Wohnen mit dem Stubentiger - so geht's!

Obwohl sie als Diven der Tierwelt verschrien sind, sind Katzen meist sehr unkomplizierte Mitbewohner. Wir haben Ihnen ein paar Tipps für enstpanntes Miteinander zusammen gestellt.

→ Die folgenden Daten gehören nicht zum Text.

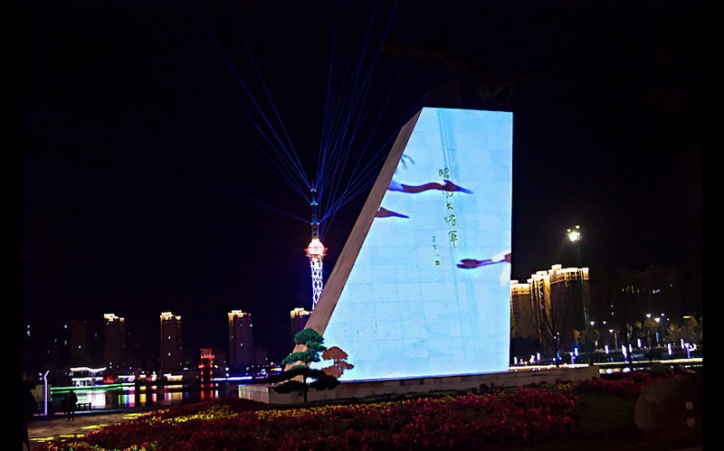 夜幕降临,华灯初上,昭阳湖公园的将军碑投影和水幕投影两大投影秀竞相上演,在夜色下以灯为笔、以光为墨、以湖为镜、以梦为影,通过声、光、电等现代技术,向市民展示光影技术带来的饕餮视觉盛宴,让市民感受梦境公园的光感体验。

"Hunde haben ein Herrchen, Katzen haben Personal". Schon der Volksmund erklärt, überspitzt ausgedrückt, die wahren Besitzverhältnisse in einem klassischen Katzen-Mensch-Haushalt. Diese eleganten, geschmeidigen Wesen sind, im Vergleich zu anderen Vierbeinern, undomestizierte Haustiere. Dennoch gestaltet sich das Zusammenleben meist unkomplizierter, als ihr Ruf ahnen läßt. Katzen sind nicht nur sehr reinheitsliebend, sie akzeptieren auch "katzenfreie Zonen" und stellen ihren guten Willen, sowie ihre Lern- und Anpassungsfähigkeit gerne unter Beweis. Mit konsequenten, wiederholten Kurzbefehlen lernt die Katze, dass bspw. Zimmerpflanzen, Tapeten, Teppiche, oder ganze Räume, Tabu sind.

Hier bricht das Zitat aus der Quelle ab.